このように経済の実体が変わる中で、財政政策、金融政策、企業活動をいかに回していくかが問われている。政府・日銀は六重苦、とりわけ行き過ぎた円高の是正に向けて大きな役割を果たしてきたが、多少なりとも弊害も出てきており、それを踏まえ、適宜適切な金融政策を講じつつ、経済の好循環をどう実現していくかが新たな課題となっている。

【安倍政権への要望】

安倍政権は、短期的には景気対策など様々な策を迅速に講じており、「決められる内閣」である。他方、長期的な視野に立った政策立案については議論がまだ不十分である。エネルギー問題がその典型だ。日本のエネルギーはコストが高く、外国に過度に依存しており、温室効果ガスの排出量も多い。将来的に重い課題になることは明らかであるが、議論が足りていない。経済界からも積極的に議論を仕掛けていく。

【経済団体の役割】

SDGsに代表されるように、企業活動の目的そのものが社会全体をより良くすることになりつつある。勿論、企業の目的の一つは収益を拡大することであるが、持続可能性が確保されなければ意味をなさない。企業は今、自社の事業内容を社会貢献につながるよう方向性を定めている。そうした事業でなければ、投資が集まらない。

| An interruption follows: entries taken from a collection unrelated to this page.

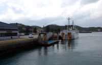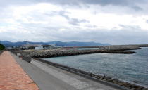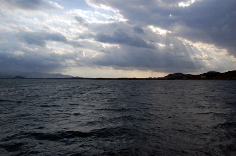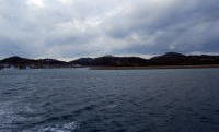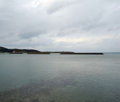 | 富岡神社北側の門から陸繋島の付け根まで、距離にして600mほど。 これがこのトンボロの長さといえる。 ウロウロしながらでも、あっという間に終わってしまう。 トンボロ終点、すなわち陸繋島の付け根に至ると、目の前にいきなり城の石垣が現れた。 案内板によると、これは陸繋島の高台にあった富岡城の大手門跡の石垣らしい。 そしてこの前の道路は、かつての外堀の跡だ。 ということは・・・つまり右下写真のように、かつて城の防衛のためにこの位置でトンボロを掘削して切断し、城のあった陸繋島を離島にしていたというではないか。 ![]() (左)大手門前の石垣 (右)トンボロ切断図。肌色の部分が富岡トンボロ このトンボロ切断工事は、天草・島原の乱の直後、1638年6月から行なわれたっちゅー話。 乱では一揆軍のトンボロからの攻撃に対して無防備に近い状態だったらしい。それを反省してこのように切断し、境目の海岸に石垣を築いてトンボロから攻められないようにした。 案内板には、 「これによって富岡城は天草下島から切り離され、太古に島であった状態になりました」 と書かれている。 富岡トンボロは、天草四郎率いるキリシタン一揆軍の突撃路でもあったのだな。 そのとき幅100mちょっとしかない狭いトンボロ内は、どんなありさまになっていたのだろう。逃げ場のない砂州の中で、ここに住んでいたであろう一般民たちは、いったいどうなったのか。 大手門跡を右へ回り込むと、じきに富岡港だ。 このあたりには立派な家が多い。富岡城下の武家屋敷だったのかもしれない。 ![]() (左)大手門東側、港へ通じる道沿いの家々 (右)港の駐車場から、富岡城跡が見える ちょうど長崎の茂木港行きのフェリーが出る時刻が近づいている。 でも俺にはもうひとつ行きたいところがあった。右上写真の富岡城跡に立つビジターセンターだ。この陸繋島は標高が低いためトンボロ地形を高いところから鳥瞰するのは難しいが、それでもこのビジターセンターからはトンボロ特有の美しい景色がある程度は見えるらしいのね。 しかしそのときにわかに空が掻き曇り、雨が降り始めた。しかし俺は傘を持っていない。傘なしでビジターセンターを往復するにはちょっと厳しい降り方だ。 そしてフェリー出航の時刻は迫っている。これを逃すと次は3時間後。傘なしで3時間はツライのではないか。それに次の船だと日はとっぷり暮れて真っ暗で景色を楽しむこともでけへんぞ。でもせっかくこんなとことまで来たんだし・・・。 くよくよ迷っている間に汽笛が鳴る。あーもう、ビジターセンターから景色を眺めるのは次回のお楽しみだっ! 俺は雨に負けて船に乗った。軟弱だ。 船に乗ったとたん、雨がやんだ。いつものことね。とほ〜〜。 船からは、いま歩いてきたトンボロがこんなふうに見えた。 ![]() ![]() 左のほうが志岐、松林はトンボロ東岸 ところで、冒頭の地形図に戻っていただくと、富岡港の東側をぐるっと守っている砂嘴がある。こいつも気になるじゃないか。 船から観察した。 ![]() 右に延びるのが砂嘴![]() 先端部拡大そんなわけで、俺は近いうちにまた富岡を訪れることになるだろう。それもまたよし、だ。 おしまい。 (2010.12.10) |
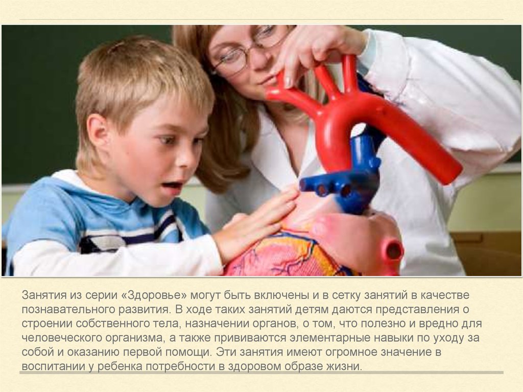 Занятия из серии «Здоровье» могут быть включены и в сетку занятий в качествепознавательного развития. В ходе таких занятий детям даются представления о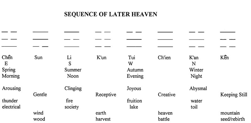 The sequence opens with the Arousing, signifying spring and morning, energized by thunder and electrical energy, and is followed by the Gentle, which finds its image in wind and wood, symbolizing organic development. Midsummer, or high noon, is evoked by the trigram known as the Clinging, referring to the light toward which the ruler of society turns, as organic life gives way to human consciousness. This is followed by the Receptive, which refers to the earth and the season of harvest, and in turn leads to the Joyous, as the year produces fruition and happiness. An abrupt change focusses on the Creative, symbolizing heaven, where the stern judgement of a battle between the forces of light and darkness is being fought. Winter ensues with the trigram of the Abysmal, where everything seeks its lowest level and the fullest concentration. The sequence ends with the trigram Keeping Still, symbolized by the Mountain, where the seeds of the new year and the new day are born.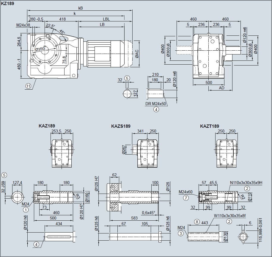 Редуктор KZ189, KAZ189, KAZS189, KAZT189 — Исполнение с окружностью отверстий под резьбу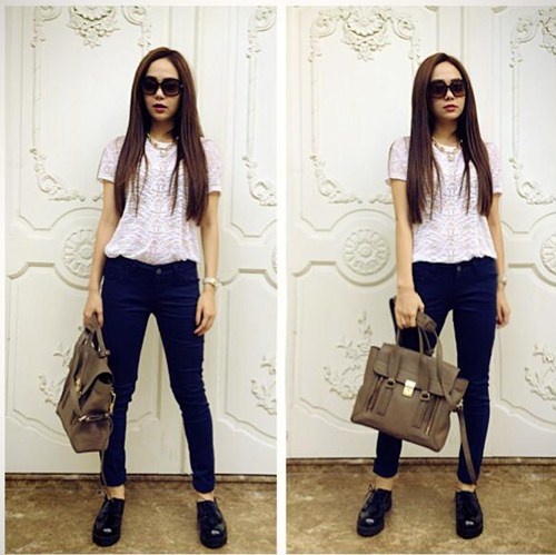 | Đây là mẫu túi được cô ưa chuộng mỗi lúc xuống phố. |

こうした中、経済団体も業界の利益を代表しているのではなく、社会への貢献という方向に企業を牽引する存在だと国民から思われなければならない。日本人の民度は高く、国民の意識は高い。一時の話題性ではなく、どの企業が真に社会への貢献を果たしているのか、国民に正確に見極めてもらいたい。その厳しい判定にたえ得る企業でなければならない。

【大阪万博】

2025年大阪万博は、Society 5.0という夢のある未来社会を世界に訴える好機である。当然、主催国として大きな責任がある。資金面での心配も耳にするが、なにより中身が重要である。どのような万博にするのか、国際社会にどのように具体的に発信していくのか、その議論を加速していく。